Copy each line of the data below exactly, leaving out pictures.

- [SOURCE MATERIAL]
------
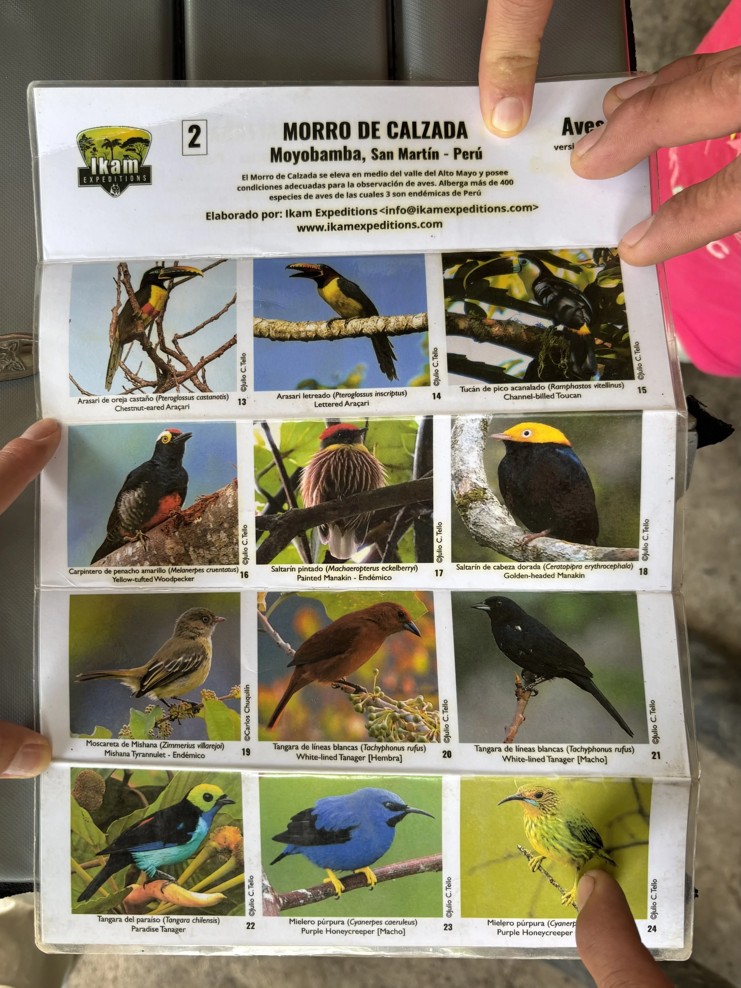 My first birding experience was with Ikam Expeditions, a wildlife tour company based in Moyobamba. Ikam guides are highly experienced and lead expeditions all over the country, but I contacted them because in Moyobamba, they’re by far the best. I got to spend a morning with Erick Reategui, who told me that where we’d be birding, they had identified about 300 species, including several that are very difficult to see anywhere else, like the Rufous-sided Crake. Spoiler: I saw a pair of them and got dozens of photos.
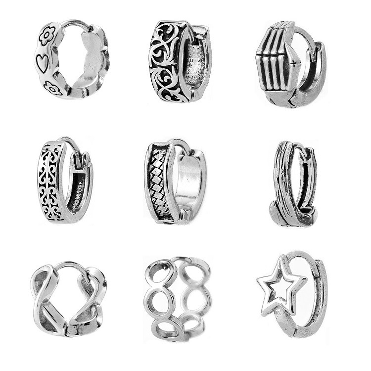 Cross-Border Punk Style Earrings, Personalized and Versatile, Retro Stainless Steel Earrings, Niche Simple Earrings, Hip-Hop Trendy Men's Earrings
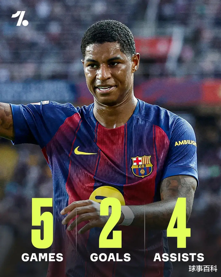 正如上面提到的,这些壮举后来产生了一个令人惊讶的统计数据。根据Opta的数据显示,拉什福德本赛季直接参与进球数达到了6球(2球4助攻),成为弗利克教练阵容中进球参与最多的球员。紧随他身后的则是亚马尔(2球3助攻)、拉菲尼亚(3球2助攻)、费兰·托雷斯(4球1助攻)。
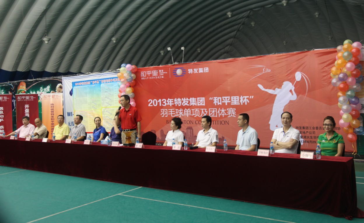 乘特發(fā)“和平里”項目成功推售之機,為進一步宣傳和推介“和平里”,豐富員工業(yè)余體育文化生活,集團工委會、特發(fā)羽協(xié)主辦、地產(chǎn)公司承辦的2013年特發(fā)“和平里”杯羽毛球單項及團體賽于6月29至30日在大生體育場舉行。集團總部和全資控股企業(yè)組成7支代表隊共53對選手、106名運動員參加比賽。
------
- [SOLUTION FOR THIS EXERCISE]
 My first birding experience was with Ikam Expeditions, a wildlife tour company based in Moyobamba. Ikam guides are highly experienced and lead expeditions all over the country, but I contacted them because in Moyobamba, they’re by far the best. I got to spend a morning with Erick Reategui, who told me that where we’d be birding, they had identified about 300 species, including several that are very difficult to see anywhere else, like the Rufous-sided Crake. Spoiler: I saw a pair of them and got dozens of photos.
 Cross-Border Punk Style Earrings, Personalized and Versatile, Retro Stainless Steel Earrings, Niche Simple Earrings, Hip-Hop Trendy Men's Earrings
 正如上面提到的,这些壮举后来产生了一个令人惊讶的统计数据。根据Opta的数据显示,拉什福德本赛季直接参与进球数达到了6球(2球4助攻),成为弗利克教练阵容中进球参与最多的球员。紧随他身后的则是亚马尔(2球3助攻)、拉菲尼亚(3球2助攻)、费兰·托雷斯(4球1助攻)。
 乘特發(fā)“和平里”項目成功推售之機,為進一步宣傳和推介“和平里”,豐富員工業(yè)余體育文化生活,集團工委會、特發(fā)羽協(xié)主辦、地產(chǎn)公司承辦的2013年特發(fā)“和平里”杯羽毛球單項及團體賽于6月29至30日在大生體育場舉行。集團總部和全資控股企業(yè)組成7支代表隊共53對選手、106名運動員參加比賽。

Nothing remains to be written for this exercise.